I visited my parents’ house over the weekend and spent some time with my mom in the vegetable garden and my father’s orchard. My parents grow vegetables in the garden right behind their house, and several kinds of citrus fruits in the orchard which is a bit far.

Well, I guess I could describe my family as basically easygoing, or carefree (or careless). Here’s an example. My mom had told me several times this summer that birds were eating almost all figs on the fig tree. Then she said she put a net over the fig tree to protect figs from the birds.
Yeah, I see the net.

Mom, if I were a bird, I wouldn’t give up eating the figs on this tree.

Most of summer vegetables (tomatoes, okuras, eggplants, bitter gourds, cucumbers, etc.) were already gone and instead, I saw sprouts of spinach, Japanese horseradish (Daikon) and some other vegetables. This was the only one that had something ready to pick.


Later, mom wanted to pick some lemons, so we went to the orchard. It’s about 10 minutes’ walk from my parents’ house, UPHILL.
The oranges look like this now.

Ponkan oranges: a very popular kind in my hometown.
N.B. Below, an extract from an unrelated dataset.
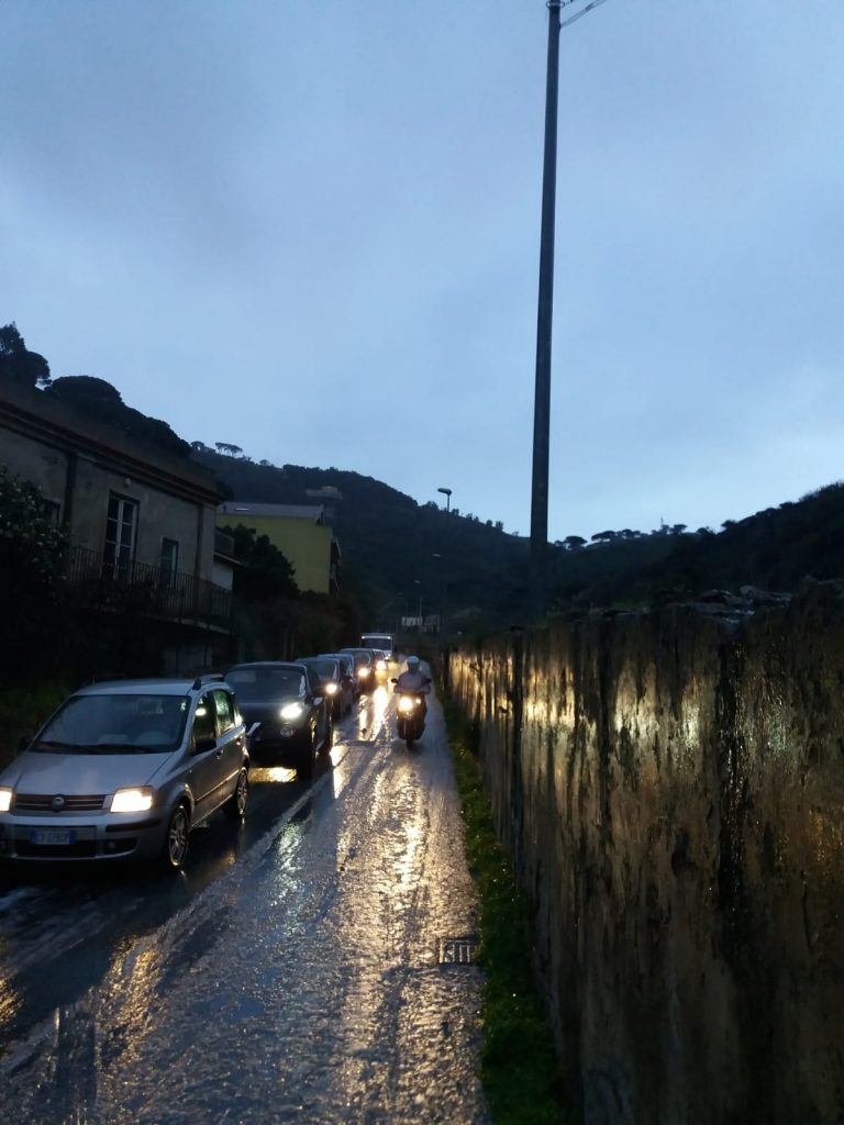 Nulla di grave ma l’auto è rimasta di traverso nell’unica strada, a doppio senso, di collegamento tra i centri collinari della zona nord e il centro città. Così c’è chi ha pensato di passare dentro il torrente, in attesa che si sbrogliasse la situazione.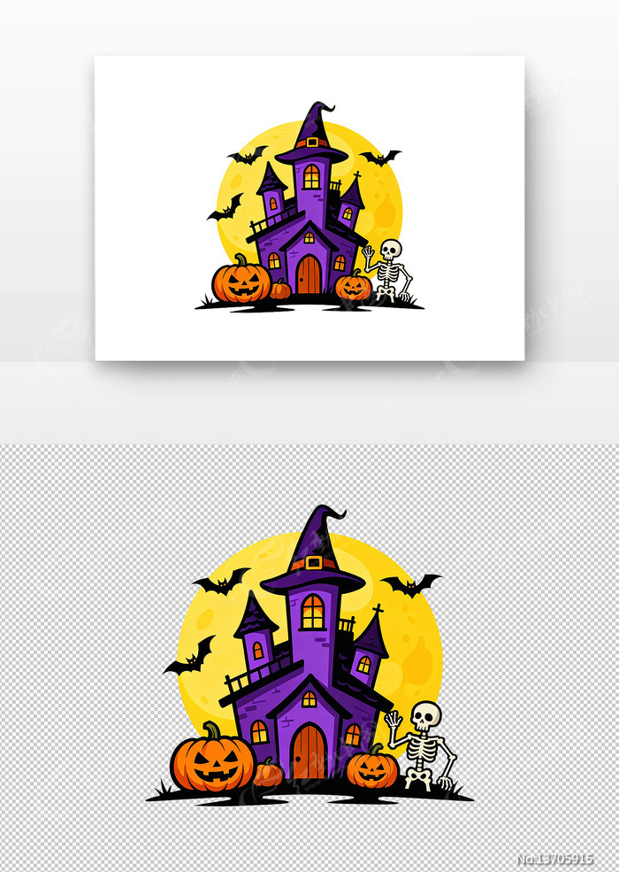 当前位置:素材网站>免抠元素>节日元素>紫色古堡南瓜灯与骷髅的万圣节插画

We picked some lemons, and mom also picked some leaves of Japanese anise for the Buddhist service of the equinoctial week. In Japan, the leaves of this plant are usually offered on the family alter and grave. The Japanese name of the plant is ”Shikibi,” but in my hometown people call it “hanaeda.”


Japanese anise and mom

There are too many mosquitoes in the orchard. Long sleeve shirts are the must-have.
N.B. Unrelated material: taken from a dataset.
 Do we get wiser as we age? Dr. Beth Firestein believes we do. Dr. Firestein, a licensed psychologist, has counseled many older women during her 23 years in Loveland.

Oh, you want to know what I ate at my parents' house? Sliced raw bonito. Fresh from the ocean. Believe me, it tastes very good when it's fresh --- so good that I forgot to take a photo of it.

Friday, September 17, 2004

I Planted Dill Seeds


Dill

My first attempt this year to grow dill from seeds was not successful. I planted the seeds too late and it got too hot while the young dill plants were still very small and weak. So all of them died in mid August. Now that the hottest time of the year seems to be over, I decided to give it a try again.It is often said here that covering the planter with newspaper keeps the seeds moist. OK, I put a small piece of newspaper like this. Hope this works. It’d be really exciting to make a nice fish dinner using dill from my balcony garden, because it’s hard to find fresh dill at stores around here.
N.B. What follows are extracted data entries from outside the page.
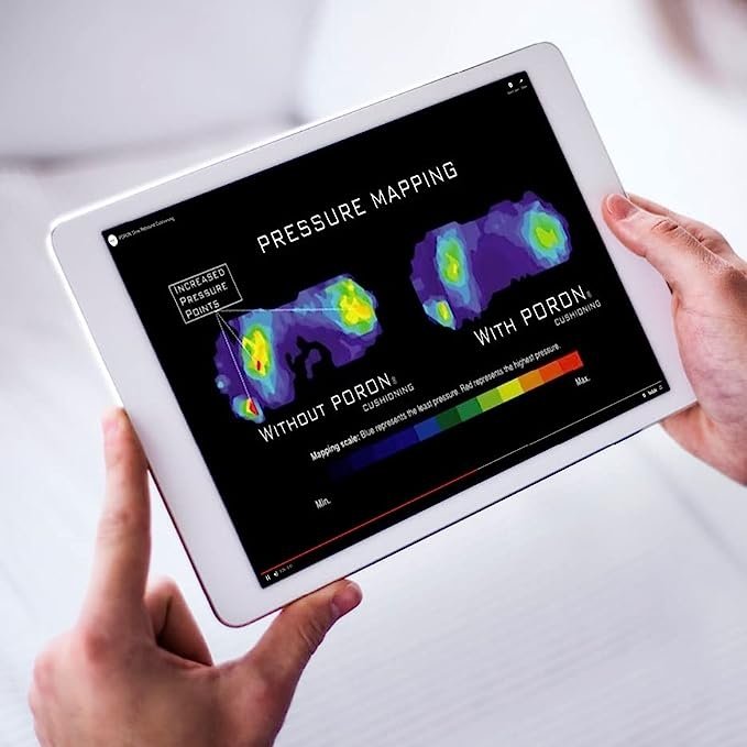 - PORON Medical Grade Top Cover: Offers a softer, lighter cushioning with slower rebound for even distribution of body weight over the foot’s plantar surface.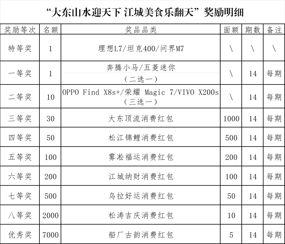 原标题: 关于开展“大东山水迎天下 江城美食乐翻天”享美食中大奖抽奖促销活动的公告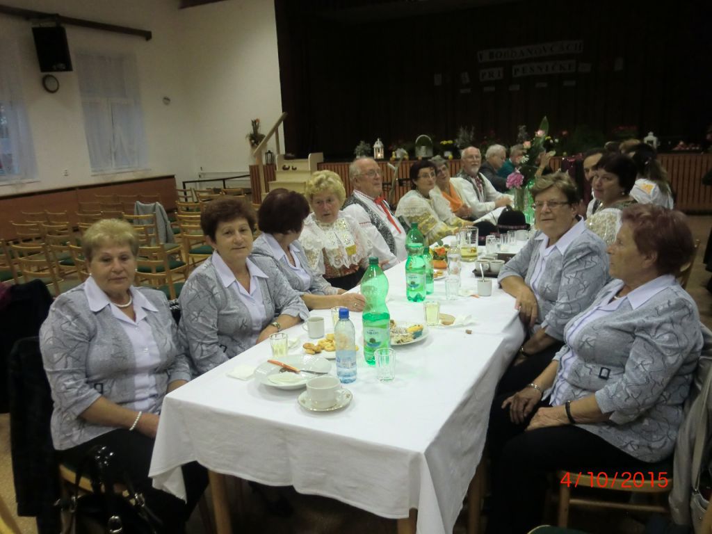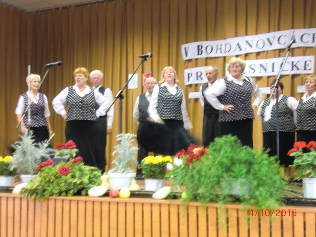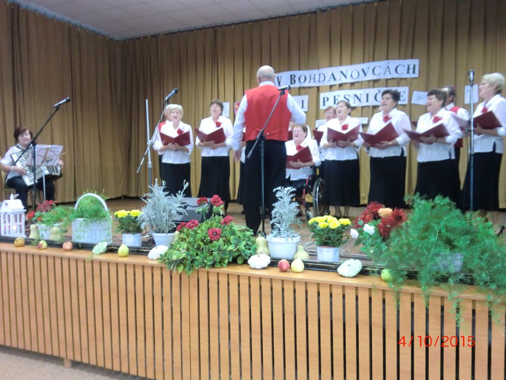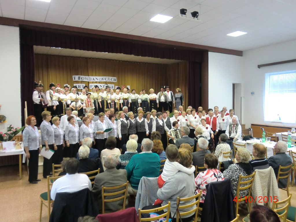 Posedenie pri ľudovej piesni „V Bohdanovcách pri pesničke“ (04.10.2015) Najmä členovia našej ZO JDS sa pričinili o pekné spevavé popoludnie pri ľudovej piesni v kultúrnom dome. Privítali sme folklórne spevácke skupiny: Dolina zo Šelpíc, Dolnoorešanku z Dolých Orešian, Rošindolčanov z Ružindola a Špačinčanku zo Špačiniec. Pozývateľom bol náš súbor Bohdanovčan, ktorý sa predstavil svojimi piesňami a tancami, čím rozveselil všetkých prítomných. Vďaka patrí pánovi starostovi, kultúrnej komisii a členkám Seniorklubu, ktorí prispeli svojou nezištnou prácou k úspešnej akcii našej obce.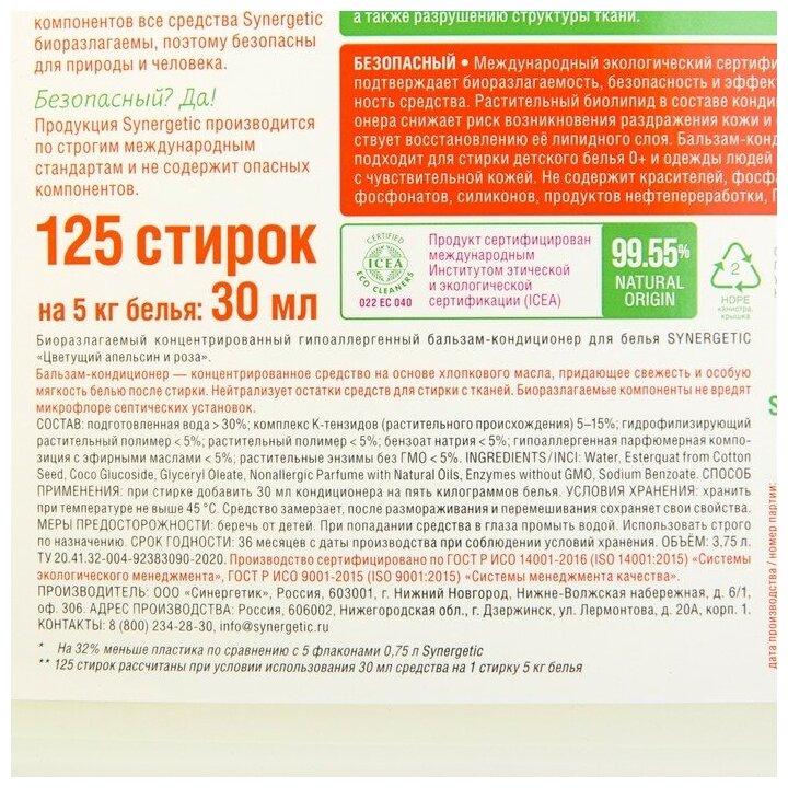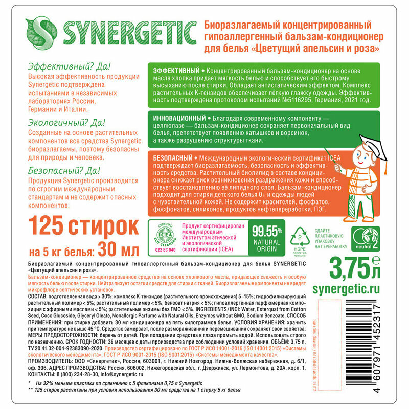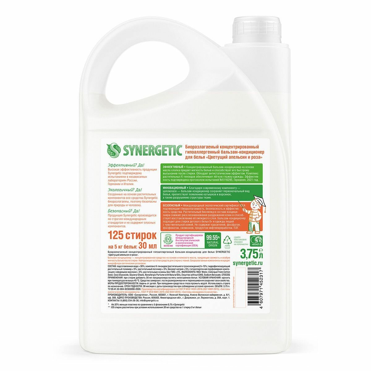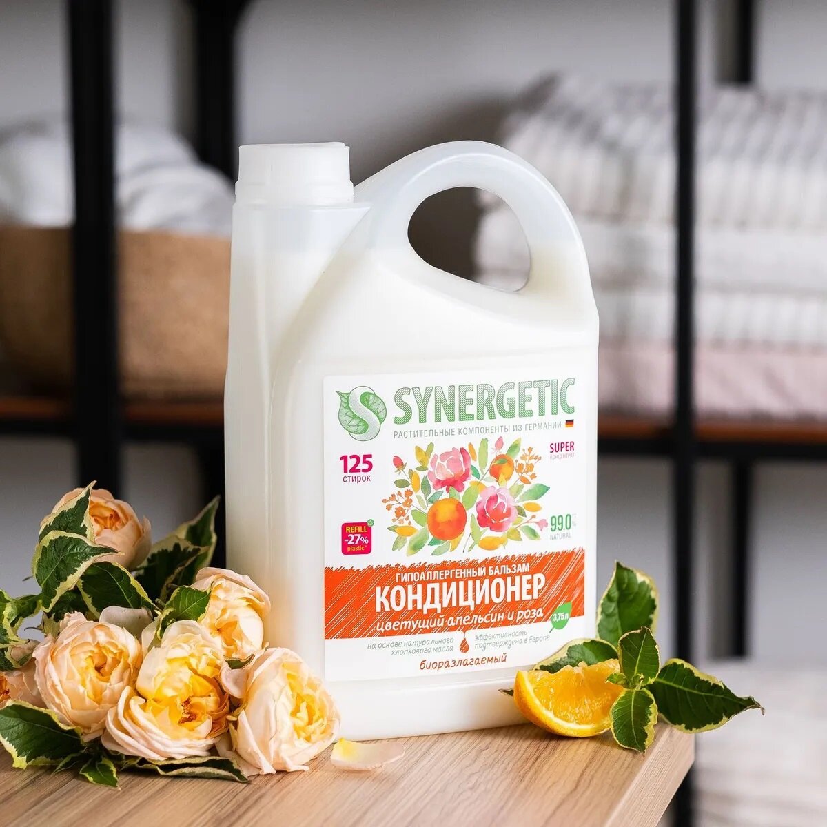 Биоразлагаемый гипоаллергенный бальзам-кондиционер Synergetic "Апельсин и Роза" 375л Цветущий апельсин и роза

Thursday, September 16, 2004

Eat While It's Hot


"banana rice" with spicy lemon chicken

It wasn’t my idea. Someone I know (a cook) gave me this idea of cooking rice with banana!

Last night at work, he told us about the “banana rice” they make at another restaurant he works at in the daytime. At first no one believed it. I know there are such sweets as banana-rice pudding or banana-rice custard, but just simply boiling rice and mashed banana together sounded terrible to me. But he didn’t look like joking. He said that they add, to rice and water, a little mashed banana and herb such as rosemary (salt optional), and cook in an electric rice cooker. When the rice is done, mix in butter while still hot and add other herbs, if preferred. He said they serve the banana rice with spicy ethnic dishes.

At that point I was almost bursting with curiosity, and determined to try it out myself at home. I spent the rest of the night thinking about what spicy food would go with the sweet banana rice, and finally picked spicy lemon-chicken.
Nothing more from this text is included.